A number of people expressed frustration with the lack of an advanced query UI.  Microsoft has many advanced query user-interfaces in many products, but these are generally focused on well-defined query languages (SQL) or on specific domains (like the Advanced Find in Outlook).  With Vista we wanted to address the query problem in a manner more familiar to people today—a single edit control.  Our implementation supports a rich query language within that edit control.  This is the same approach people are familiar with for web searching for both standard and advanced queries.

We had two observations that led to this approach:

  1. The most important part of a search are the search terms.  Usually a single term is enough (and as we know from web searching, the majority of searches are one or two words).   And for refinement the file system tools of thumbnails, sorting, and/or type ahead can be used to narrow the search.  
  2. It is reasonable to consider a design for an advanced query UI covering property based search, but it will generally be unwieldy for all but the bravest people.  As we mentioned, Windows Search covers over 300 properties by default so if you show every property then the UI is unusable.  If we only show the most commonly used properties then how do you handle all of the other properties?  Would properties be grouped by the common application or by attributes such as times, names, file attributes, etc.?  Some of you might value the Outlook Advanced Find… interface, but there you see some of the challenges and that is within a specific domain where the grouping or related properties probably can be understood. 

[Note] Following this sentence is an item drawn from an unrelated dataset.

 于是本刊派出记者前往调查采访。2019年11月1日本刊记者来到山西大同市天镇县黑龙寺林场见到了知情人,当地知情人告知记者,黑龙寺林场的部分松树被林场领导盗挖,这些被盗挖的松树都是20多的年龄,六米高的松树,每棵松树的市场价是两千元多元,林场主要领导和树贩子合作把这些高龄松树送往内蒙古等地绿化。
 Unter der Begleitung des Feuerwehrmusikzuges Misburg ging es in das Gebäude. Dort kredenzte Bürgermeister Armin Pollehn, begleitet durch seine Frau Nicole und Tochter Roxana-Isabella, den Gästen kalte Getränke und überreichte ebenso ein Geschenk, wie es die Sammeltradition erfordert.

In designing Vista we incorporated the feedback that it is desirable to do precise queries.  The approach taken in Vista was to support a rich query language which allows all properties and a fairly natural syntax.  For example typing “from:gerald sent:today” will find all email from “Gerald”  sent today!   The big issue is that people do not know or the query language.  In Windows 7, we have focused on helping people see how to use the query language in context. For now, you can see the following for some information on Vista’s query syntax.  Much of this syntax and experience is similar to web search that we all use today.

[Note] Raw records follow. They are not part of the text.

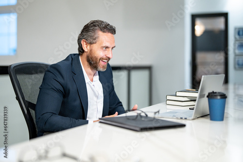 Handsome 40s business man working with laptop in office. Gray hair mature business man director using laptop. Millennial manager at office workplace. Ceo office workers business people at office.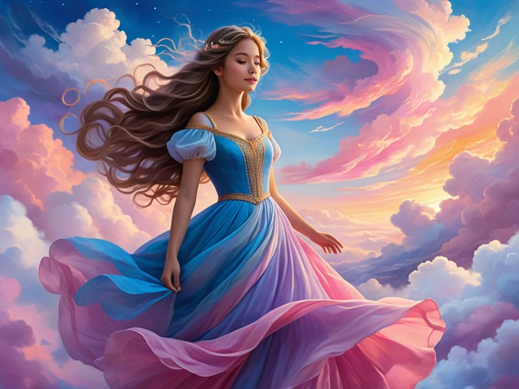 When the light faded, Elowen found herself standing on a fluffy cloud that shimmered like a pearl. Below her, the earth seemed a distant memory, and above, the sky stretched infinitely, painted in hues she had never imagined. The colors danced and swirled, a symphony of blues, pinks, and purples, all illuminated by the soft glow of the sun.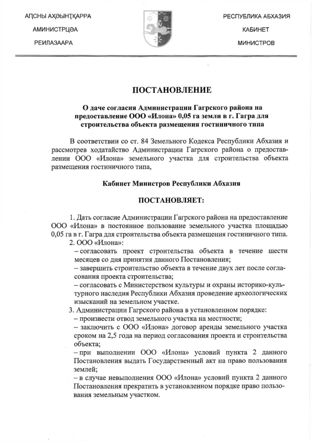 Постановление Кабинета Министров Республики Абхазия от 25.04.2017 № 58 "О даче согласия Администрации Гагрского района на предоставление ООО "Илона" 0,05 га земли в г. Гагра для строительства объекта размещения гостиничного типа"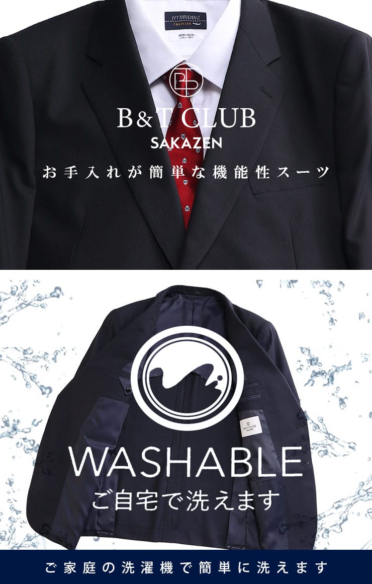 自宅で洗濯できる、お手入れしやすいウォッシャブル シングル ツーパンツスーツです。ウール混の生地感は上品さを感じられる仕上がりになっています。ビジネススタイル定番のシャドーストライプが落ち着いた雰囲気を見せるシルエット。スラックスにはウエストアジャスターが付いているので腰周りに圧迫を感じない調整ができる仕様となっています。お家で簡単にお手入れできるので、毎日着用するスーツだからこそ、清潔感を保てる嬉しいウォッシャブルスーツです。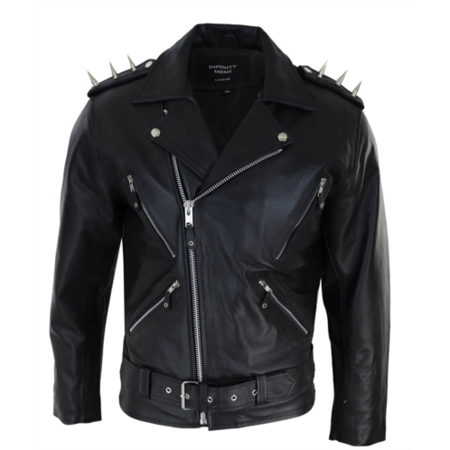 * Mens Original Cross Zip Hide Leather Jacket* Classic Retro Brando Style With Spikes On Shoulder* Premium Supple Genuine Cow Hide Leather, Style Based On True Rock N Roll* Great Casual Wear or Motorcycle Wear Jacket, Regular Fit, Waist Length, Belted DesignMaterial - Outer - 100% Leather; Lining - 100% Polyester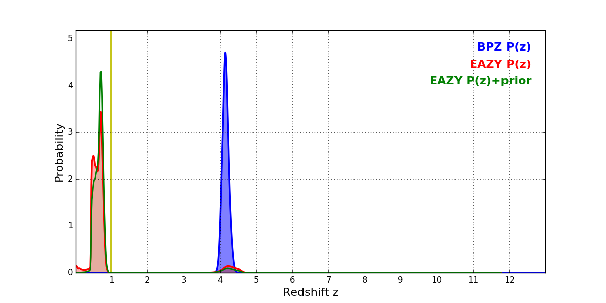 In P(z) plots: Yellow lines mark the cluster redshift z = 0.972,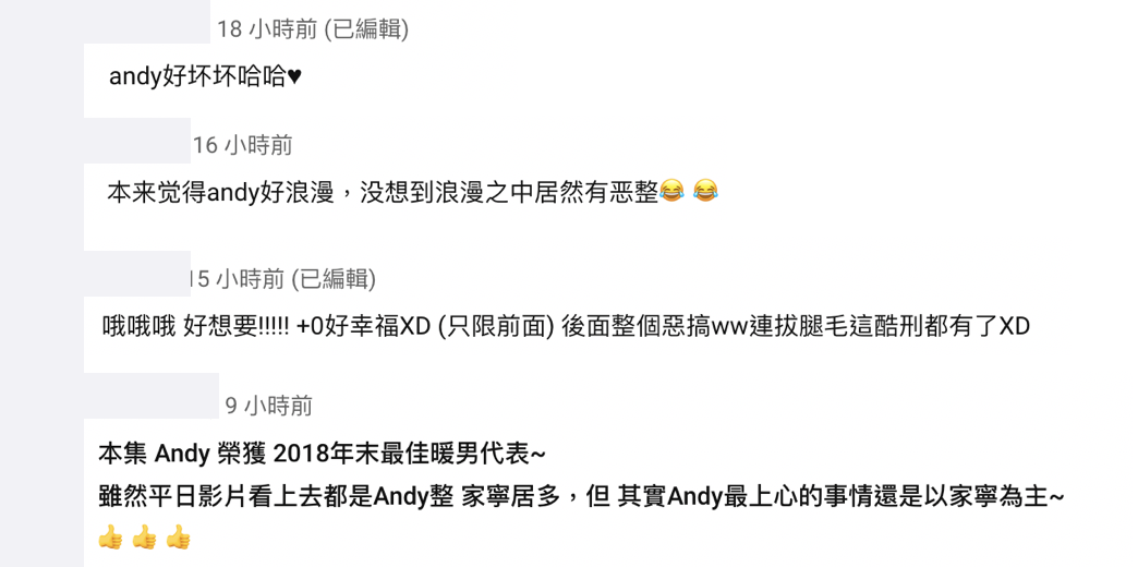 看見Andy如此有心的準備聖誕驚喜,網友也紛紛留言:「本來覺得Andy好浪漫,沒想到浪漫之中居然有惡整」、「Andy好壞壞哈哈」、「哦哦哦 好想要!!!!! +0好幸福XD (只限前面) 後面整個惡搞ww連拔腿毛這酷刑都有了XD」、「本集 Andy 榮獲 2018年末最佳暖男代表~雖然平日影片看上去都是Andy整 家寧居多,但 其實Andy最上心的事情還是以家寧為主~」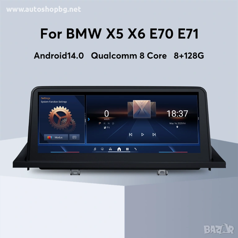 Модерна Android мултимедия с голям 10.25" QLED дисплей, предназначена за BMW X5 E70 и BMW X6 E71/E72. Системата осигурява достъп до навигация, приложения, интернет и мултимедия, като същевременно запазва оригиналните функции на автомобила.

A number comments were about substring matches in filenames, which we do not currently support.  This is part of the overall discussion about advanced queries.  In order to efficiently execute queries, the indexer builds indices that are based on individual words.  In Vista we introduced “searching as you type” to our search UI.  Under the hood this is implemented as prefix matches on the indexed words.  So when you type, ‘foo’, we look for all terms that start with those letters including ‘food’ and ‘football’.    Even more interesting if you type ‘foo net’ we will match on items that have the words ‘food’ and ‘network’ in them.   (If what you really want is to match the phrase “foo net” then typing those words inside quotes will do that—another example of advanced query syntax)   We have focused primarily on searching for terms found in any property, but there is no question that filenames are special.  In recognition of that we support suffix queries on filenames.  If you type ‘*food’ then we will return files that end in ‘food’ like “GoodFood”.  We do this by reversing the filename and then indexing it as a word.  For example, the reverse filename of “GoodFood” would be “DooFdooG” which we index as a word.  The suffix query ‘*food” is transformed into a prefix query “doof*” over the reverse filename index—clever, no?   So we support prefix matches for all properties and suffix matches for filenames, but we do not support substring matches. 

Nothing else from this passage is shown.